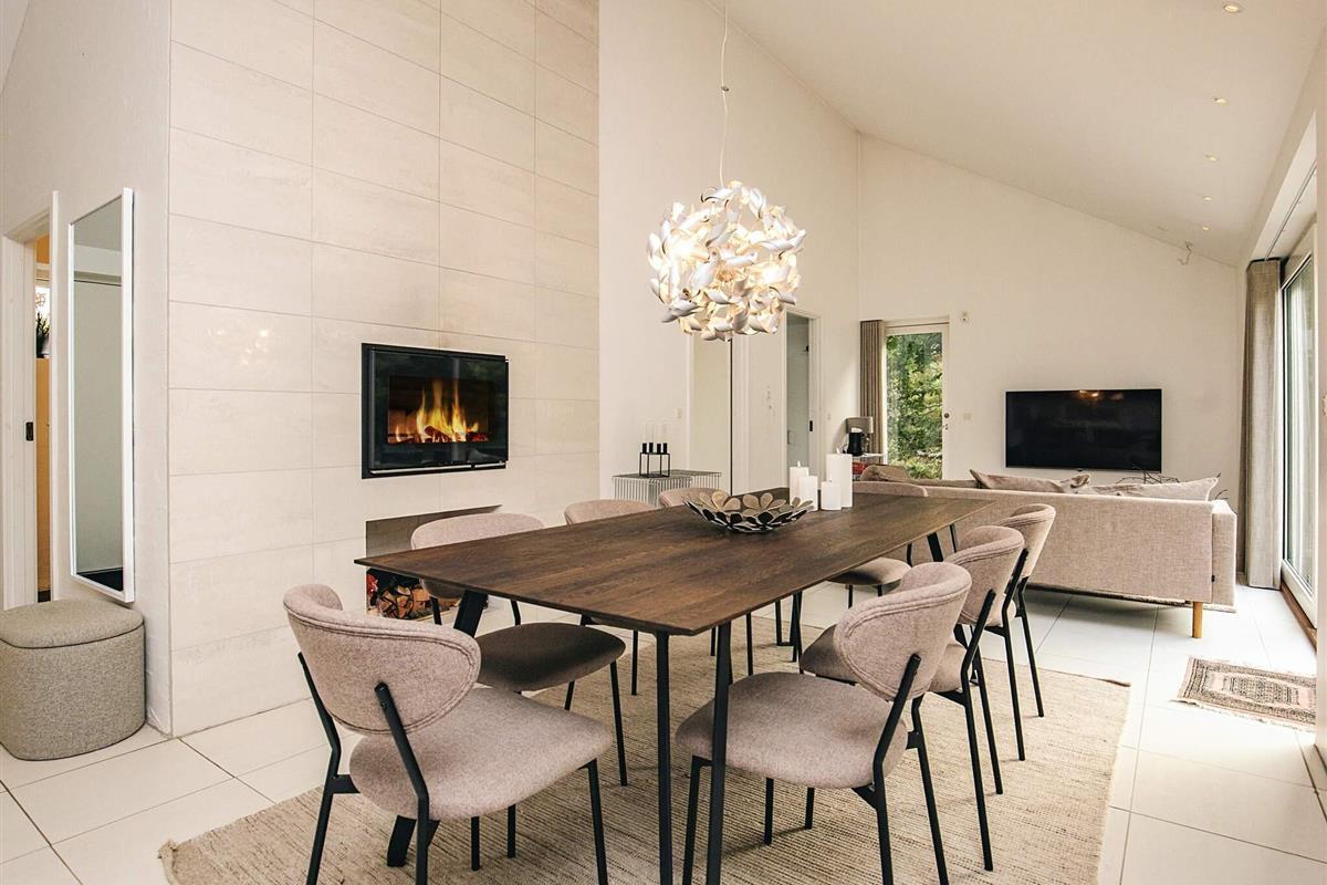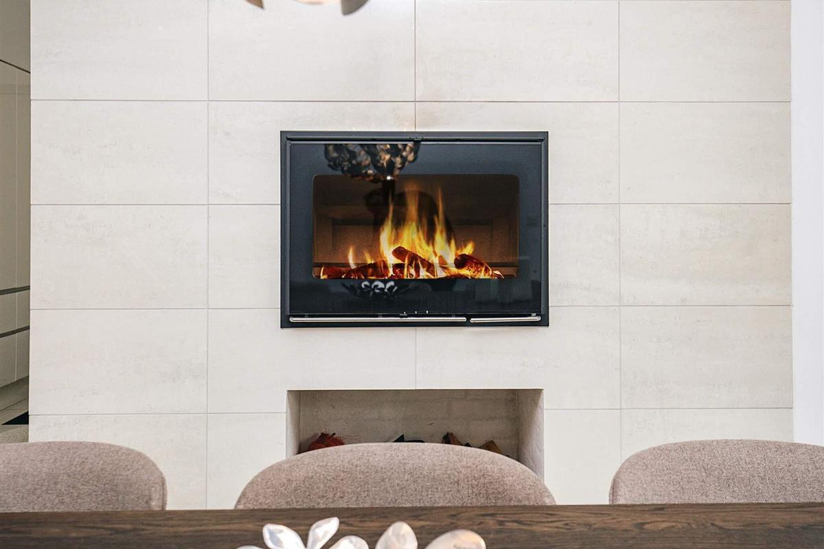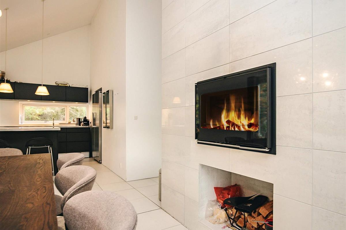 Das Sommerhaus verfügt über einen hellen und offenen Küchen-Essbereich mit Kaminofen und Fußbodenheizung im gesamten Haus.
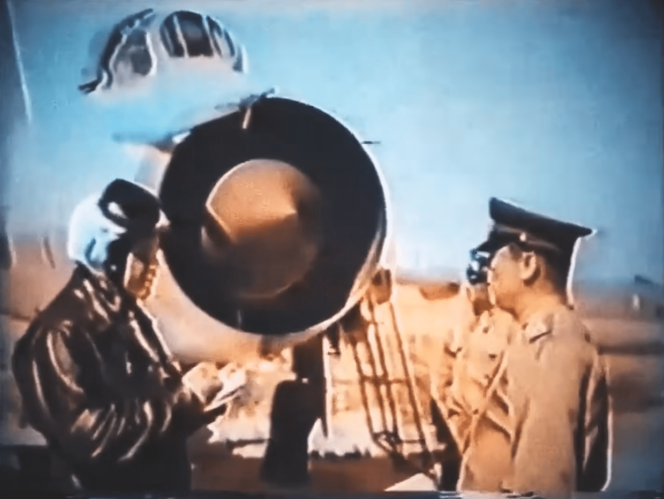Shein a fait monter le jet à un angle d’environ 45 degrés. Il s’agissait d’une manœuvre de lancer « par-dessus l’épaule », typique des chasseurs-bombardiers de cette époque. Cela impliquait que l’avion attaquant tirait vers le haut avant de larguer sa bombe pour compenser la chute de gravité de l’arme en vol. Le résultat permettrait de placer l’arme sur la cible, sans que l’avion n’ait besoin de la survoler. Au lieu de cela, le jet effectuerait un demi-tonneau et (espérons-le) éviterait les effets de l’explosion afin de pouvoir s’échapper. La séquence de manœuvre de lancement, telle que montrée dans la vidéo, est apparemment simulée, ou du moins fortement modifiée.
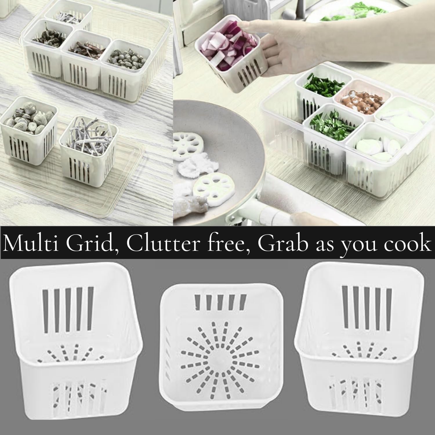 Multi Grid Divider Design: Keeps fruits, vegetables, snacks, and more neatly separated for easy access and storage.
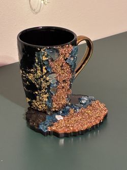 Handmade Black Resin Art Cup & Tray Set – Glittery Design Juego Hecho a Mano de Taza y Bandeja Negra – Diseño con Brillos de Resina $30Miami, FL
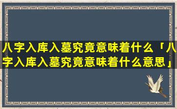 含义八字入库入墓 🐅 有以下几个方面的含义:
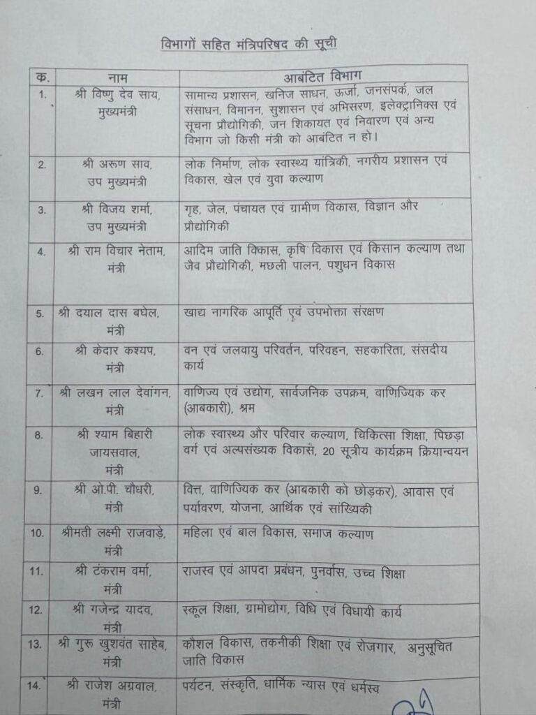 मुख्यमंत्री श्री साय ने सभी मंत्रियों के उज्ज्वल कार्यकाल की मंगलकामना करते हुए कहा कि राज्य सरकार सामूहिक सहयोग और प्रतिबद्धता के बल पर जनता की आकांक्षाओं की पूर्ति के लिए निरंतर प्रयासरत रहेगी।

» **ASSIGNED TASK**
Word for word, restate each line above, minus its pictures.

» **TASK RESPONSE**
 Das Sommerhaus verfügt über einen hellen und offenen Küchen-Essbereich mit Kaminofen und Fußbodenheizung im gesamten Haus.
Shein a fait monter le jet à un angle d’environ 45 degrés. Il s’agissait d’une manœuvre de lancer « par-dessus l’épaule », typique des chasseurs-bombardiers de cette époque. Cela impliquait que l’avion attaquant tirait vers le haut avant de larguer sa bombe pour compenser la chute de gravité de l’arme en vol. Le résultat permettrait de placer l’arme sur la cible, sans que l’avion n’ait besoin de la survoler. Au lieu de cela, le jet effectuerait un demi-tonneau et (espérons-le) éviterait les effets de l’explosion afin de pouvoir s’échapper. La séquence de manœuvre de lancement, telle que montrée dans la vidéo, est apparemment simulée, ou du moins fortement modifiée.
 Multi Grid Divider Design: Keeps fruits, vegetables, snacks, and more neatly separated for easy access and storage.
 Handmade Black Resin Art Cup & Tray Set – Glittery Design Juego Hecho a Mano de Taza y Bandeja Negra – Diseño con Brillos de Resina $30Miami, FL
 含义八字入库入墓 🐅 有以下几个方面的含义:
 मुख्यमंत्री श्री साय ने सभी मंत्रियों के उज्ज्वल कार्यकाल की मंगलकामना करते हुए कहा कि राज्य सरकार सामूहिक सहयोग और प्रतिबद्धता के बल पर जनता की आकांक्षाओं की पूर्ति के लिए निरंतर प्रयासरत रहेगी।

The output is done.